From the records below, print only the part that opens with the line containing "Vネック ミドルゲージ ブルー青水色【L】" and closes with the line containing "Iberdrola registró un"; omit the pictures.
Provided data Start Marker
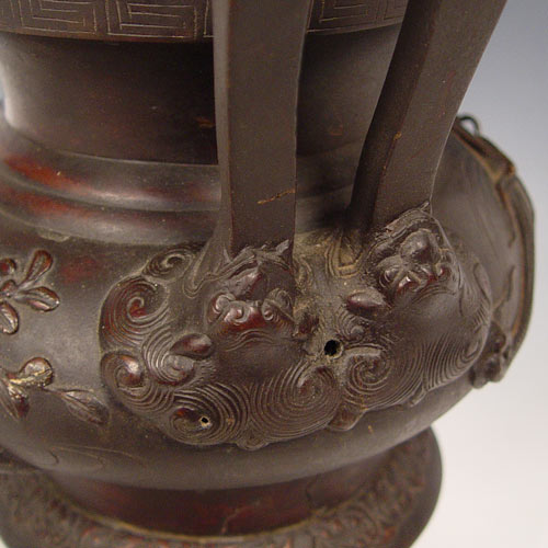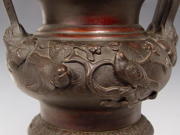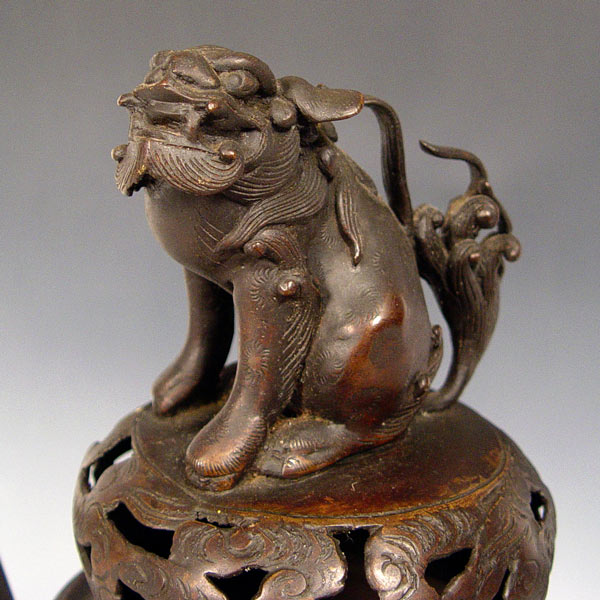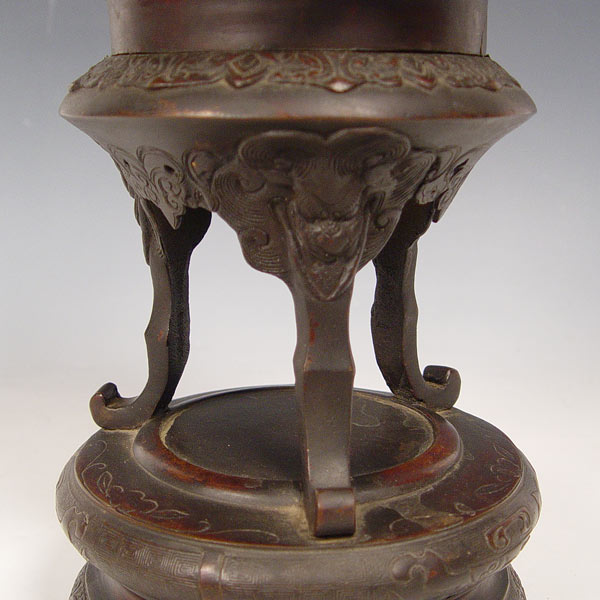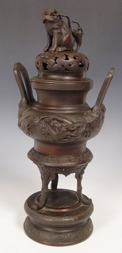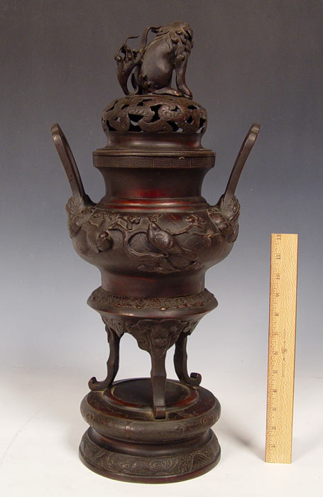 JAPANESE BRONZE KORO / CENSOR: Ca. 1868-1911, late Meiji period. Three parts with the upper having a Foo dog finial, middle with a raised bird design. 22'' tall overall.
Provided data End Marker
Provided data Start Marker
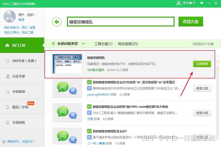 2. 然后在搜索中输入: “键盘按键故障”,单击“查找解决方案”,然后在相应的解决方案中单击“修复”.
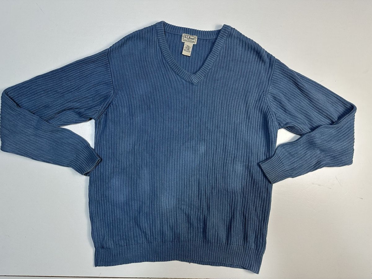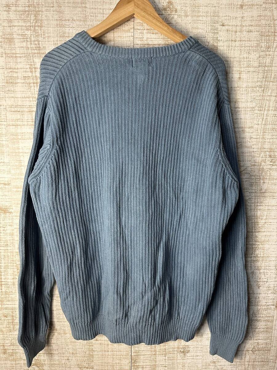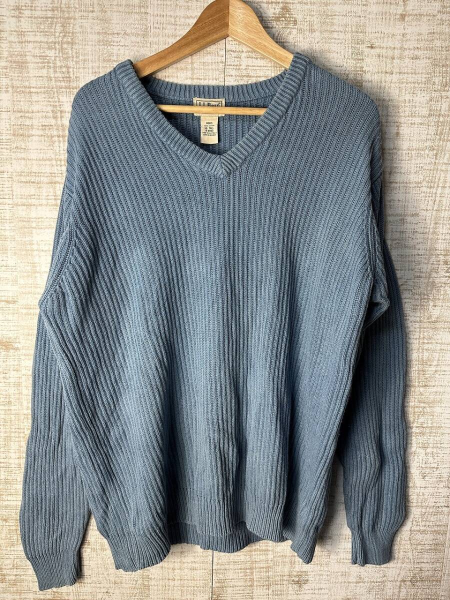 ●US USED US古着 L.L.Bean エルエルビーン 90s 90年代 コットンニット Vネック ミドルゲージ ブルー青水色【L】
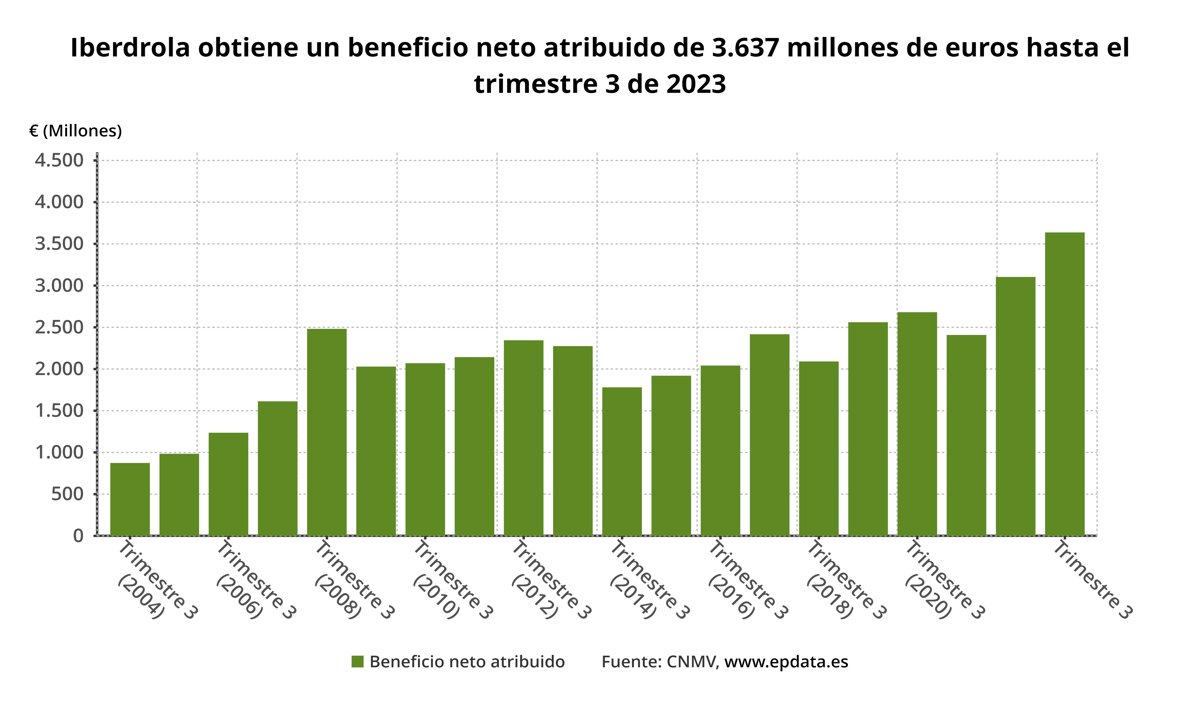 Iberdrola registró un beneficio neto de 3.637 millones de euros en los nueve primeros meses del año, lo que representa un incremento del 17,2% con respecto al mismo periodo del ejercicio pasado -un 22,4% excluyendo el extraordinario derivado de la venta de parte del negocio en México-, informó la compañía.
Provided data End Marker
• _Exercise solution_
 ●US USED US古着 L.L.Bean エルエルビーン 90s 90年代 コットンニット Vネック ミドルゲージ ブルー青水色【L】
 Iberdrola registró un beneficio neto de 3.637 millones de euros en los nueve primeros meses del año, lo que representa un incremento del 17,2% con respecto al mismo periodo del ejercicio pasado -un 22,4% excluyendo el extraordinario derivado de la venta de parte del negocio en México-, informó la compañía.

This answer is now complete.